Regan arranged the sale through North Shore Sports, a Chicago-based telephone auction service. Bidding began last week and was to conclude late last night or early this morning. But at about 5 p.m., an attorney for the Orioles went before Cook County Circuit Court Judge Albert Green in Chicago and won a temporary restraining order blocking the sale.
"We view it as the property of the Orioles and that is in accordance with property law and baseball tradition," said H. Russell Smouse, general counsel of the team.
Team owner Peter Angelos said he wants the memorabilia to be displayed at the Babe Ruth Museum in Baltimore.
"They are part of the baseball history of the franchise and they should be located here," he said.
He said the team assumed Ripken had the card, not Regan, who left the Orioles after the 1995 season. That is why the Orioles never sought its return from Regan or his daughter, he said.
Angelos said he spoke with Ripken yesterday about the card. A spokesman for Ripken, Ira Rainess, declined to comment.
Further legal proceedings would have to be held to determine ownership of the items. A hearing is scheduled before Judge Green on Dec. 21.

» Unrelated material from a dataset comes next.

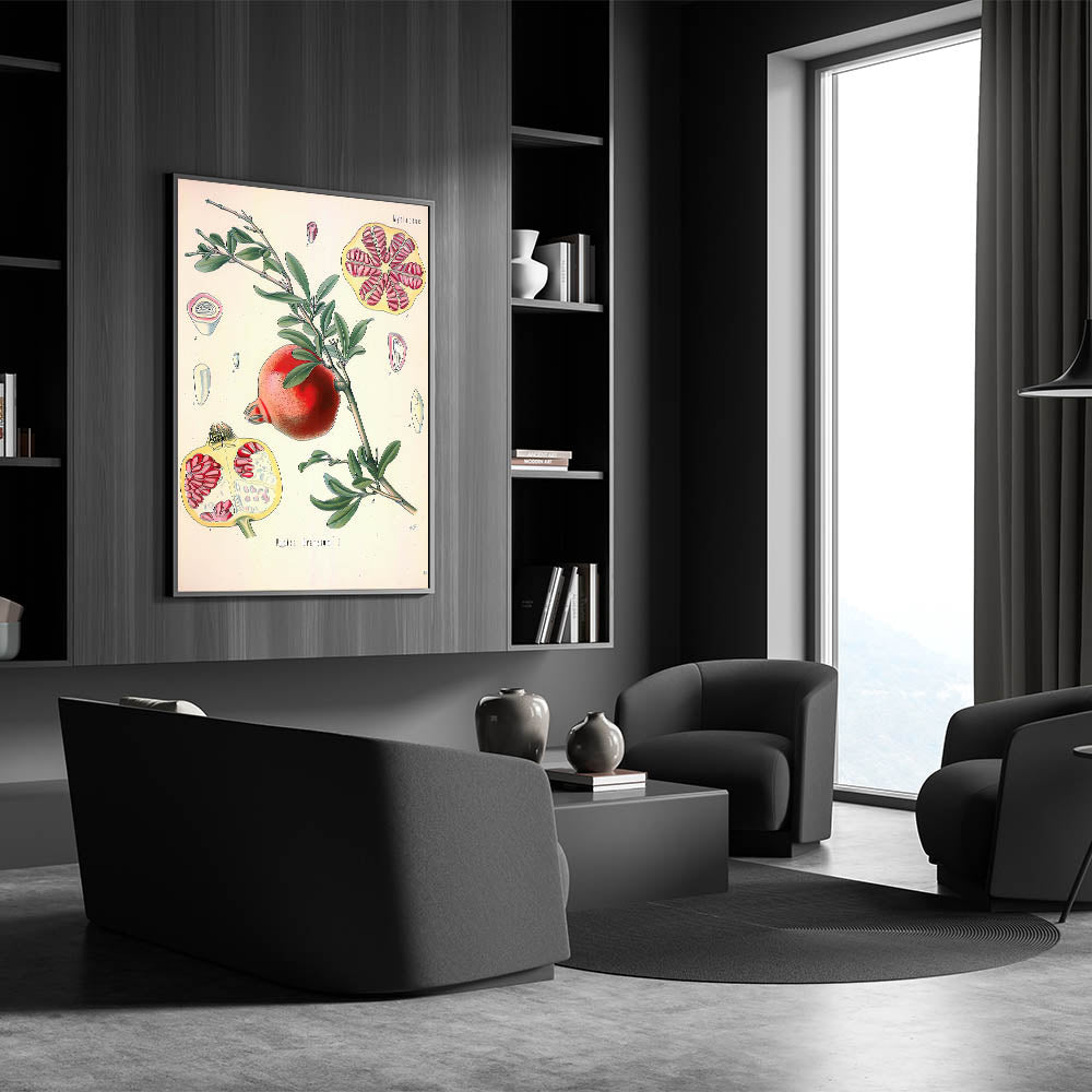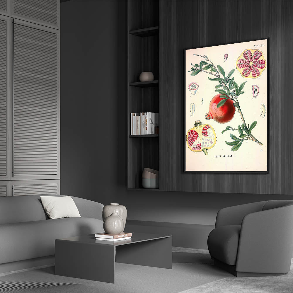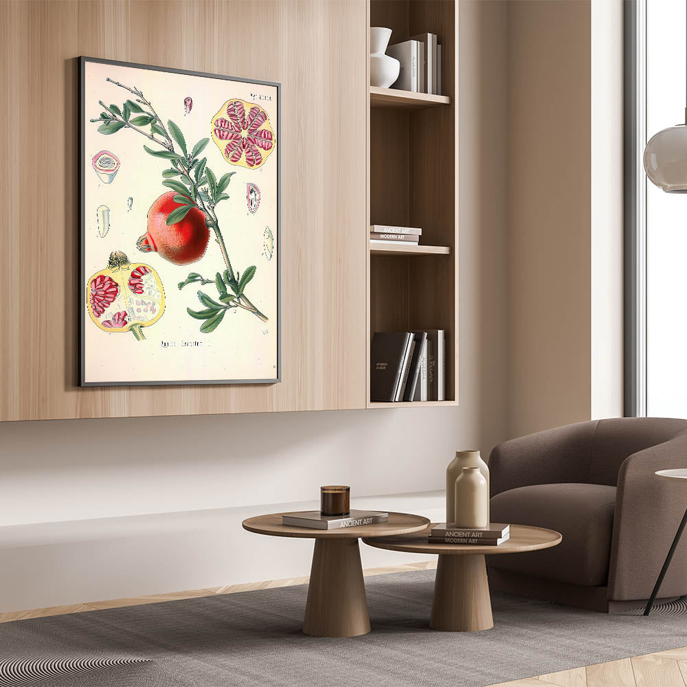 Bring the richness of nature indoors with this vintage botanical illustration of the Pomegranate fruit (Punica Granatum L.). This artwork captures the vibrant red tones of the pomegranate and its intricate seeds, contrasted with lush green leaves, making it a stunning piece for nature-inspired decor. The detailed cross-sections of the fruit add a scientific yet artistic touch, ideal for those who appreciate vintage art style and illustrative botanical designs.

Steve Ryan, president of North Shore Sports, said a team may make a technical claim of ownership over the card but the tradition of the sport is otherwise.
"Managers always keep the cards. That's what has happened over the course of hundreds of years," Ryan said.
He said he would continue taking bids for the items but not transfer ownership until the matter was settled in court. Bidding for the card and pen was up to $27,000 at 7 p.m. yesterday and would likely go higher, Ryan said.
"I am confident he [Regan] will retain ownership when this is over," Ryan said. "The judge just doesn't understand this business."
Neither Regan or his daughter responded to a telephone message left last night at the family's home in Byron Center, Mich.
The lineup card Regan used in Ripken's previous game, in which he tied Gehrig's record of 2,130 straight games, also was up for sale, and bidding had topped $3,000. However, that card also was subject to the court order.
"That stuff should be in a museum," said Mike Gibbons, executive director of the Babe Ruth Museum. "If we were able to get this stuff, we would use some of it and loan some of it to the Ripken Museum."
There is a museum dedicated to Ripken in his hometown of Aberdeen.
Angelos contacted Gibbons on Monday when he learned of the sale and offered to retrieve the card, buying it at auction if necessary. The museum prepared for a bidding war by registering with the auctioneer.
Regan made five carbon copies of the lineup card on Sept. 6, keeping the original for himself and giving the others to Ripken, the plate umpire, the opposing team's manager, the Babe Ruth Museum and the Baseball Hall of Fame in Cooperstown, N.Y.
The Babe Ruth Museum sought the pen that Regan had used shortly after the game, but he said then that he had given it to his daughter.
Angelos has been a major backer of the museum, now housed in a rowhouse near Camden Yards. Angelos pledged $1 million to the museum to help with its eventual move to Camden Station, adjacent to Oriole Park.
Larry Barnett, the plate umpire for the 2,131st game, donated his copy of the lineup card and related items to Bowling Green State University in Ohio last year. The college is seeking $1 million and will use the proceeds of any sale to help its athletic program.
Regan was fired by the Orioles in October 1995, after a disappointing '71-73 season. He spent last two seasons as pitching coach of the Chicago Cubs. Next season, he will be pitching coach of the Cleveland Indians.